In practice, there are days when we just aggregate, some days when we just create dashboards, and sometimes we do machine learning modeling.

So what kind of day are you actually spending? I would like to introduce a day of a data analyst.

A day of a data analyst

08:30 Commuting

When you can afford it, it's time to read. On days when I can't afford it, I go to work while listening to music. SNS check is the minimum necessary. If you put a lot of information in your head here, it will make your work inefficient in the morning, so moderately.
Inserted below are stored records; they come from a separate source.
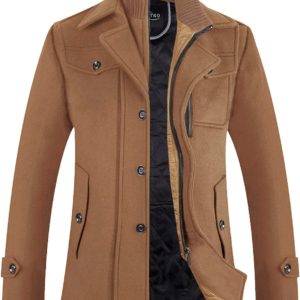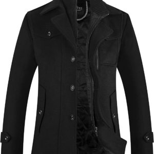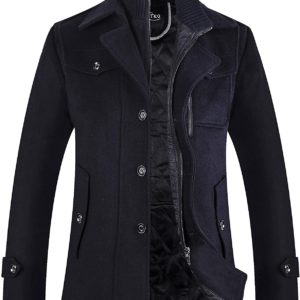 Brand:STYLISH WOOL BLEND JACKET—These single breasted military pea coat jackets are designed with detachable windbreaker’s inner rib and extra soft stand collar for adapting all weather. 80% Wool, 20% Polyester.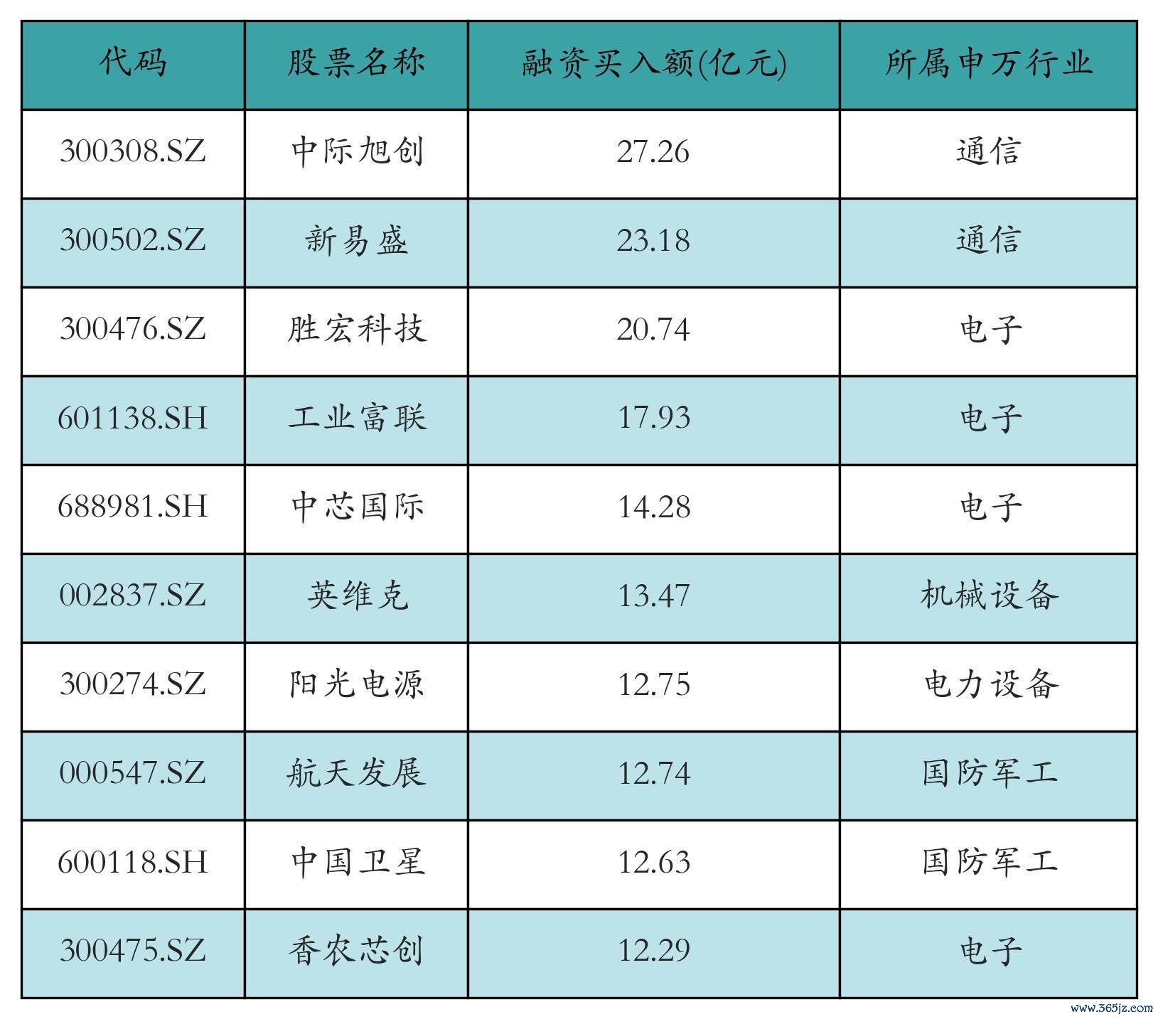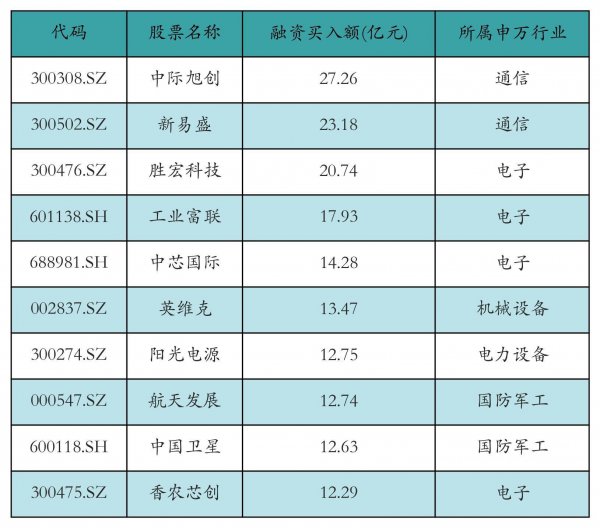 两市共有3471只个股有融资资金买入,其中中际旭创、新易盛、胜宏科技名次前三,买入金额诀别27.26亿元、23.18亿元、20.74亿元。融资买入额前10个股细目见下表: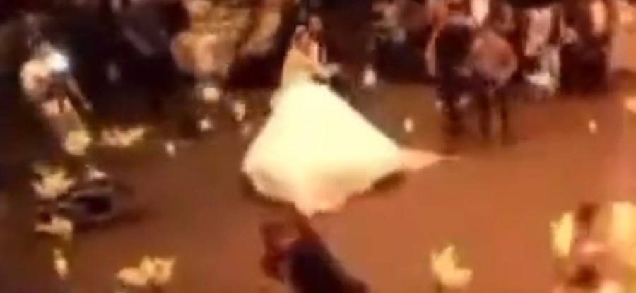 Gelin ve damadın dans ettiği esnada çıkan yangın görüntüleri sosyal medyaya da yansıdı.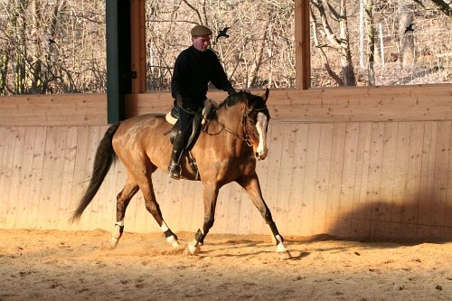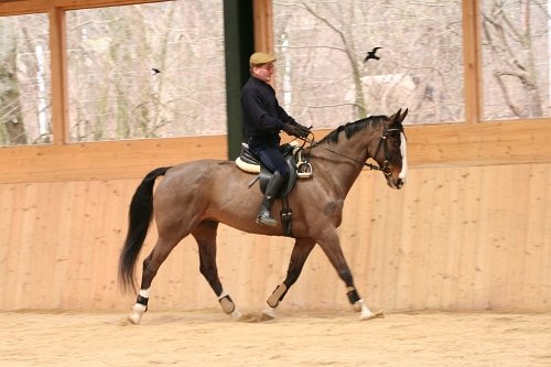 Angloarab se ještě během únorového kurzu srovnal v pohybu, chodil už plynuleji a nebyl už tak „rozpojený“, protože se uvolnil a zlepšila se jeho rovnováha. Začali tedy pracovat na tom, aby si sám na signál protáhl krk = sám napínal otěže. Protože má citlivou hubu, je třeba s ním provádět opatrnou akci-reakci (viz díly o Franzovi a Martinovi). Nejdříve to zkoušejí v kroku, pak v lehkém klusu. Zvednout ruce > udidlo do koutků > nastolit tím lehký kontakt s živou hubou > poté ruce lehce povolit, ale kontakt nezahodit > jít rukama velmi opatrně dopředu a dolů > kůň by je měl následovat > pokud se lehký kontakt ztratí (zde kůň uteče za kolmici) > opět zvednout ruce a vše opakovat. Kůň se bude časem natahovat stále ochotněji a hlouběji.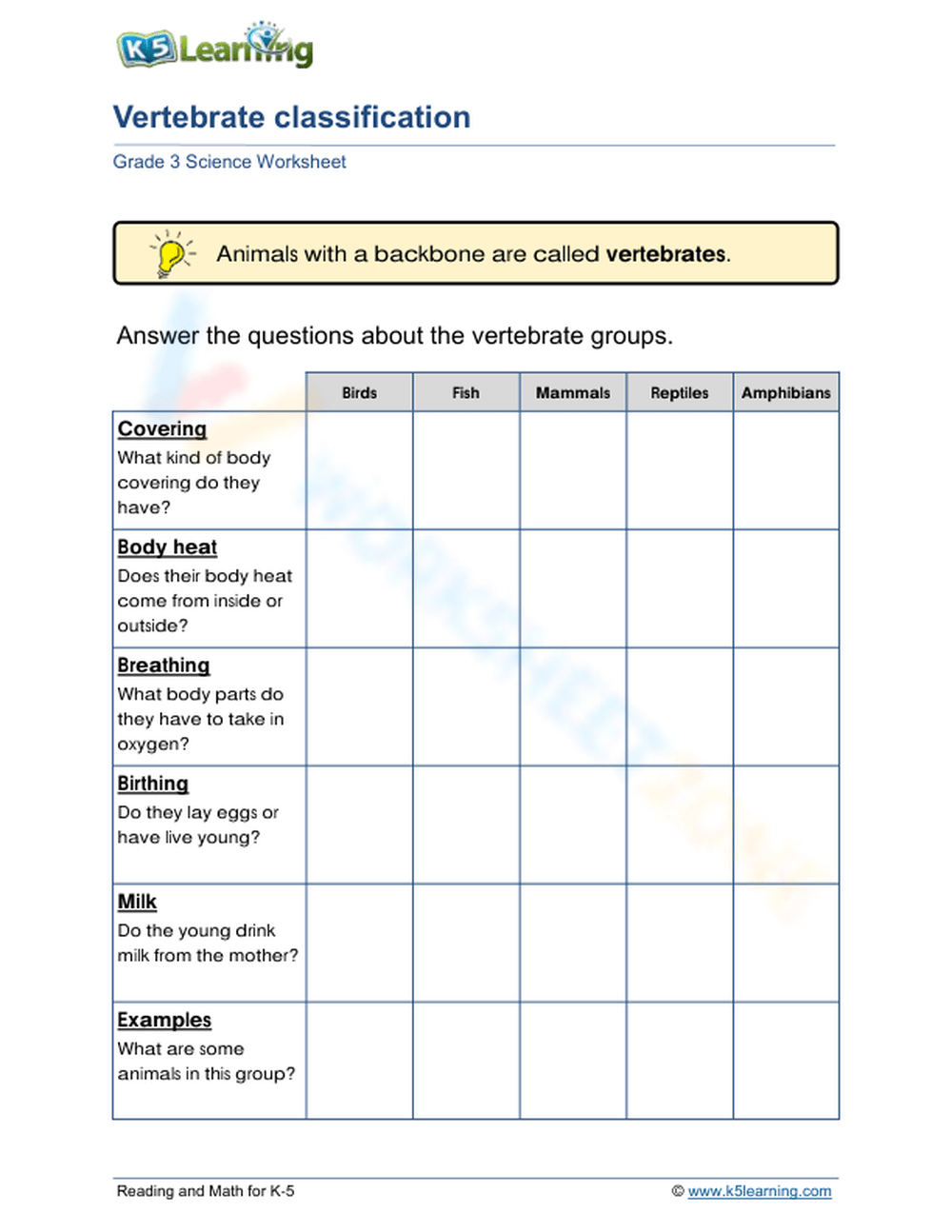 Animal Classification Worksheets K5 Learning Worksheets Library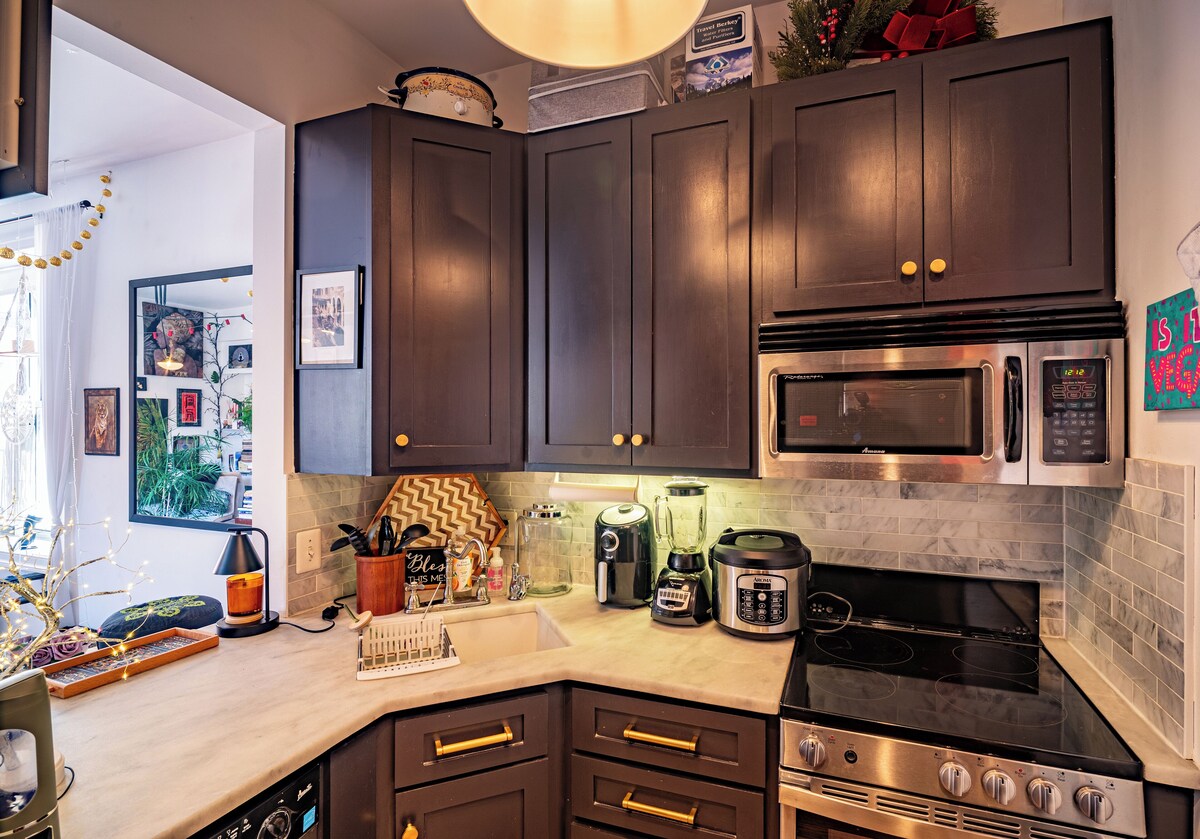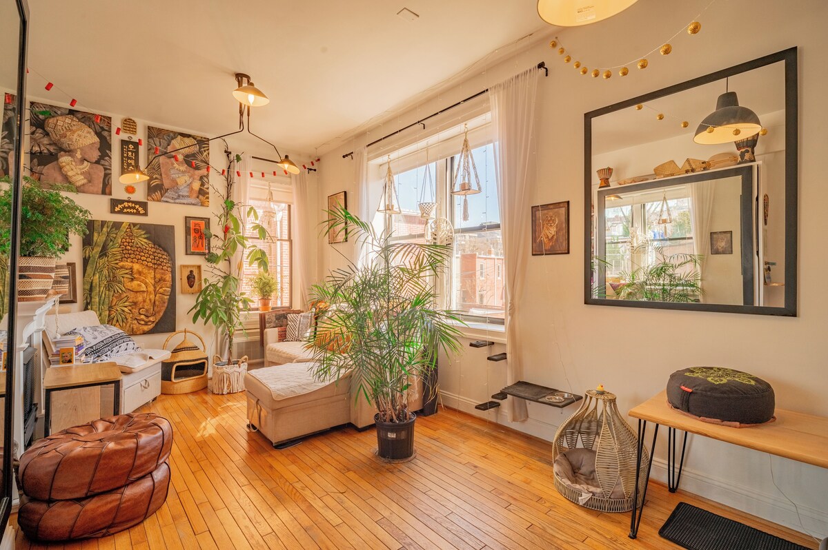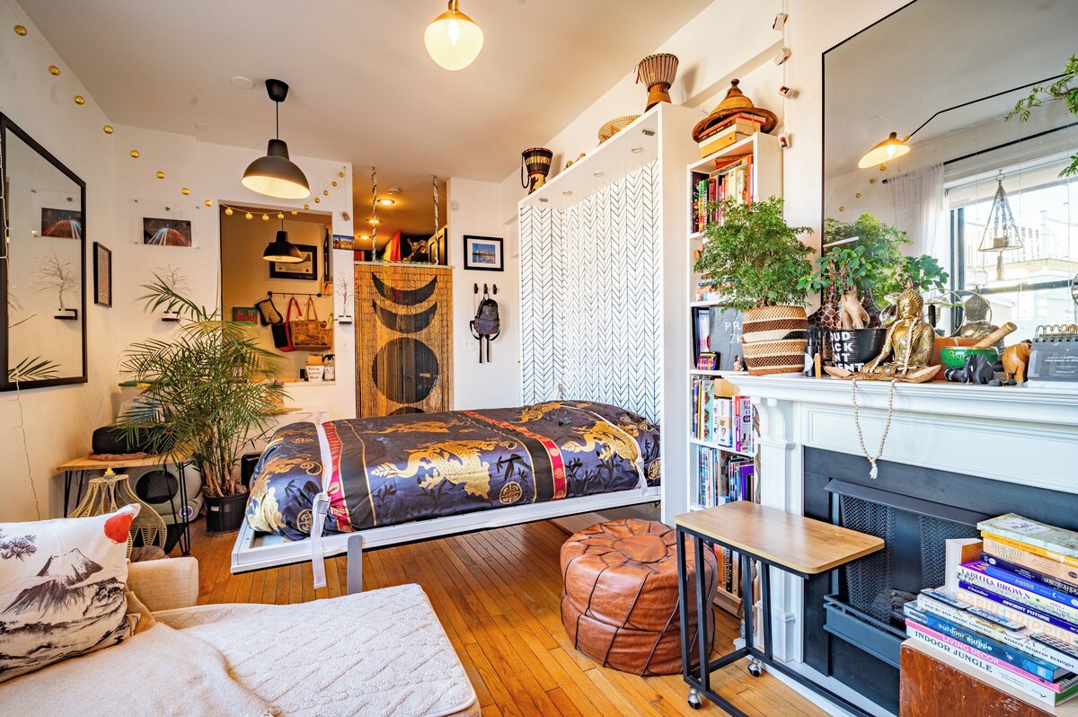 International-Themed Oasis in DC Quaint studio condo at the crossroads of Dupont Circle, Logan Circle, Adams Morgan, and U Street Corridor. Sleeps 4 with a Queen Murphy bed, convertible sofa, and chair beds. Cozy vibe with string lights and tree lamps. Ideal for monthly or long-term stays with Green & Red Line Metro access and storage unit included. ★★★Key Features★★★ ✓Bedroom Area ✓Bathroom ✓Fully Equipped Kitchen ✓Books and Reading Material ✓Living Area ✓Indoor Fireplace ✓Pet-Friendly ★★★Sleeping Arrangement★★★ ✓Bedroom Area: 1 Queen Bed ✓2 Sofa Beds ★★★Attractions Nearby★★★ 1. Meridian Hill Park – 0.5 km / 0.3 miles 2. The White House – 2.4 km / 1.5 miles 3. National Geographic Museum – 1.6 km / 1.0 mile 4. Dupont Circle – 1.1 km / 0.7 miles 5. Smithsonian National Museum of Natural History – 3.2 km / 2.0 miles 6. National Museum of Women in the Arts – 2.4 km / 1.5 miles 7. Lincoln Memorial – 3.9 km / 2.4 miles 8. Georgetown Waterfront Park – 3.2 km / 2.0 miles 9. Adams Morgan Neighborhood – 0.8 km / 0.5 miles 10. National Mall – 3.2 km / 2.0 miles These distances are approximate and can vary based on specific starting points within Washington, District of Columbia, United States and current traffic conditions. ★★★Bedroom Area★★★ The studio features a warm and restful sleeping area with a plush queen bed, ideal for a good night's sleep. In addition, there are two comfortable sofa beds that provide extra sleeping space for guests or family members, making it a perfect stay for both solo travelers and small groups. ★★★Bathroom★★★ The stylish bathroom is equipped with all the essential toiletries, offering a clean and modern space to refresh and rejuvenate. ✓Bathtub ✓Hair dryer ✓Shampoo ✓Conditioner ✓Body soap ✓Hot water ✓Shower gel ★★★Kitchen★★★ The studio includes a fully equipped kitchen with all essential amenities to prepare anything from a simple breakfast to a gourmet dinner. Whether you’re cooking or just making a cup of tea, you’ll find everything you need at your fingertips. ✓Refrigerator ✓Microwave ✓Freezer ✓Stove ✓Oven ✓Hot water kettle ✓Coffee maker ✓Wine glasses ✓Baking Sheet ✓Blender ✓Rice Maker ✓Coffee ✓Toaster ✓Coffee ✓Blender ★★★Living Area★★★ The main living space exudes warmth and personality, thanks to its rich wooden floors, colorful textiles, and artistic décor. Two large windows flood the room with natural light, creating a bright and airy atmosphere. A cozy indoor fireplace adds a touch of comfort for those cool evenings, and a curated selection of books and reading material invites you to unwind and relax in a tranquil nook. ★★★Additional Features★★★ ★Laundry: For added convenience, the studio includes an in-unit washer and dryer, allowing you to do laundry at your own pace during your stay. ★Entertainment & Work: Whether you're here to relax or stay productive, the studio has you covered. Enjoy your favorite shows on the TV, or curl up with a good book from the collection. For work, there is high-speed Wi-Fi and a dedicated workspace—perfect for remote work or studying. ★Heating & Cooling: Stay comfortable year-round with a reliable heating and cooling system that includes both air conditioning and an indoor fireplace for added warmth and ambiance. ★★★Private Entrance★★★ Private entrance offering privacy and easy access. ★★★Pet-Friendly★★★ Pet-friendly, so your furry companions are welcome too. ★★★What we provide★★★ ✓Limited supplies for cleaning e.g, dishwashing detergent, washing detergent, shampoo, gel , trash bags, sponge ✓Kitchen: drinking water, oil, coffee, tea, bags ★★★Nearby Facilities★★★ ★Supermarkets and Grocery Stores 1. Freedom Market Inc- 2 min walk (3 min drive) 2. Trader Joe’s- 6 min walk (3 min drive) 3. Streets Market and Cafe- 11 min walk (4 min drive) )★Healthcare Facilities 1. MH Inc- 13 min walk (4 min drive) 2. GERIATRIC MEDICAL H.C.- 11 min walk (4 min drive) 3. Woodley House Inc- 17 min walk (5 min drive) ★Sports and Fitness Centers 1. VIDA- U Street- 3 min walk (1 min drive) 2. MINT Gym & Studio- 9 min walk (3 min drive) 3. Livingwell Health Club ADA- 15 min walk (5 min drive) ★Restaurants and Cafes 1. Henry’s Soul Cafe- 5 min walk (2 min drive) 2. Colada Shop- 5 min walk (2 min drive) 3. Cafe Saint-Ex- 6 min walk (2 min drive) ★★★About the Location★★★ 1. Meridian Hill Park – A historic urban park featuring cascading fountains and statues. Approximately 1.0 km / 0.6 miles away. 2. The Mansion on O Street – An eccentric museum and hotel with themed rooms and secret doors. Approximately 1.6 km / 1.0 miles away. 3. Planet Word Museum – An interactive museum dedicated to language and words. Approximately 1.6 km / 1.0 miles away. 4. National Geographic Museum – Exhibits featuring photography and exploration. Approximately 1.6 km / 1.0 miles away. 5. Dupont Circle – A vibrant neighborhood known for its dining, shopping, and cultural attractions. Approximately 1.1 km / 0.7 miles away. 6. Adams Morgan Neighborhood – A culturally diverse area with eclectic nightlife and eateries. Approximately 1.3 km / 0.8 miles away. 7. The White House – The official residence of the U.S. President, offering tours and historical exhibits. Approximately 2.4 km / 1.5 miles away. 8. Smithsonian National Museum of Natural History – A renowned museum with exhibits on natural wonders. Approximately 3.2 km / 2.0 miles away. 9. Lincoln Memorial – A monumental tribute to President Abraham Lincoln. Approximately 3.9 km / 2.4 miles away. 10. Georgetown Waterfront Park – A scenic park along the Potomac River, ideal for walks and picnics. Approximately 3.2 km / 2.0 miles away. ★★★How to Get Around★★★ ★Bus Stops: 1. U St NW & Florida Av NW- 7 min walk (2 min drive) 2. 18 St NW &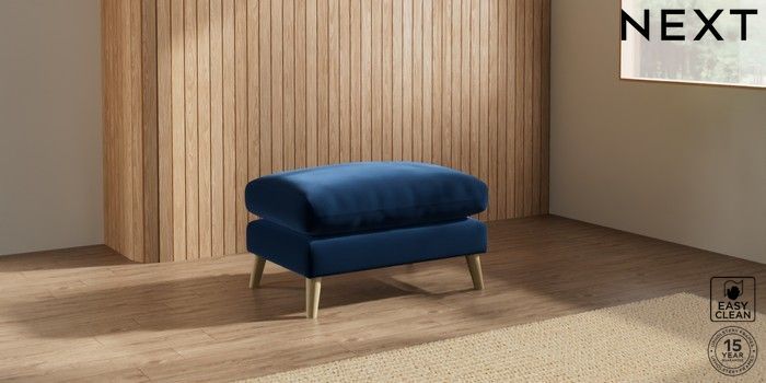 6.12.1 Buy Orlo Relaxed Sit Footstool Plush Velvet Easy Clean Navy Blue Retro Tapered - Light from the Next UK online shop Click here to use our accessible website

09:00 slack notification confirmation

Check for daily table updates in BigQuery. We have a mechanism to notify slack of success or failure of table update every day, and if it fails, mention will fly. "No abnormality today!" In the unlikely event that the table update fails, we will immediately investigate the cause. In that case, the scheduling of the day changes, so I'm thrilled. Therefore, it is my daily routine to check before going to work.

10:00 Check the SLO dashboard

This is the job I do in the morning. Check the slo dashboard. スクリーンショット 2020-06-18 13.34.42.png

SLO refers to the basis / target value that a service provider can actually provide a service to a user.

Today, the success rate of a service was extremely low, so I decided to investigate it.

"Somehow the success rate is very low today, why ?!"

11:00 Morning assembly

Since my team has 3 people, the usual 3 people check the tasks of the team in a day. First of all, share that there was an abnormal value on the dashboard. The team leader will report to the current manager. By the way, today's business content is ①Dashboard outlier investigation (2) Data set creation for analysis (today's main task) ③Brainstorming for policy planning "I have to finish the high-priority ① as soon as possible. The data set for analysis is the one who writes the query, so let's do it in the afternoon."

11:30 Dashboard outlier investigation

Investigate why dashboard outliers are occurring. I will investigate by hitting the query earnestly. After investigating for about 30 minutes, it turned out that the number was 0 only for a specific version of a specific service. Immediately after confirming with the relevant department, it was said that the specifications of log data had changed recently. Since the cause was identified, the response policy was summarized and reported to the manager. "I am relieved because the cause can be identified and there is a prospect of recovery in the afternoon."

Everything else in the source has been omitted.